Che cosa sono i difetti rari della coagulazione?

Con il termine difetti rari della coagulazione vengono identificati deficit congeniti ed ereditari di fattori della coagulazione che hanno un’incidenza estremamente rara nella popolazione. Fanno parte di questo gruppo di malattie emorragiche ereditarie il deficit di FVII, FV, FX, FXI, FII e FXIII; i deficit del fibrinogeno; la carenza combinata di FV e FVIII e la carenza congenita dei fattori vitamina-K dipendenti. Chi ne è affetto ha una maggior tendenza alle emorragie, che possono essere sia spontanee che post-traumatiche a seconda della gravità del deficit e che possono colpire vari organi e apparati.

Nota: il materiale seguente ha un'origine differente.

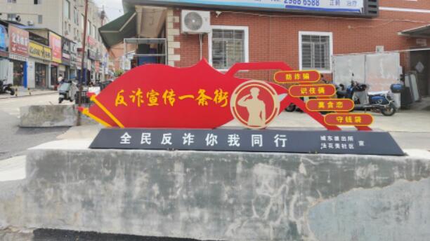 城东派出所和华大派出所联合华大街道、法花美社区,结合华大学生街美食文化的特色,在空间布局上自上而下、由内到外进行融入式宣传:8条空中条幅展示的反诈“灵魂八问”、街入口处的“警言警语”、反诈宣传警示墙、餐饮店门口的立式宣传“案例小黑板”、街中心的LED大屏播放反诈宣传片……处处都巧妙融入了反诈元素,帮助大家在潜移默化中接收反诈知识。

Quali sono le cause dei difetti rari della coagulazione?

I difetti rari della coagulazione possono presentarsi in forme di differente gravità a seconda dell’entità del deficit del fattore carente. In genere sono trasmessi come difetto genetico a carico dei geni dei fattori della coagulazione secondo modalità autosomica recessiva (sono necessari entrambi i geni mutati per dare malattia).  

Qual è la frequenza dei difetti rari della coagulazione?

La loro frequenza varia da 1/500.000 a 1/2-3 milioni di individui con una incidenza maggiore in caso di matrimoni fra consanguinei.

Quali sono i sintomi dei difetti rari della coagulazione?

I sintomi tipici dei difetti rari della coagulazione sono variabili da difetto a difetto e tra diversi pazienti anche con lo stesso difetto. Frequenti e abbastanza comuni sono le emorragie mucocutanee come epistassi (sangue dal naso), facilità ai lividi, sanguinamento prolungato dalle ferite, emorragie al cavo orale, menorragia (mestruazioni abbondanti) e sanguinamento post-partum. Alcuni difetti rari della coagulazione possono associarsi a poliabortività.

Nelle forme gravi si possono manifestare anche emorragie muscolari e articolari. 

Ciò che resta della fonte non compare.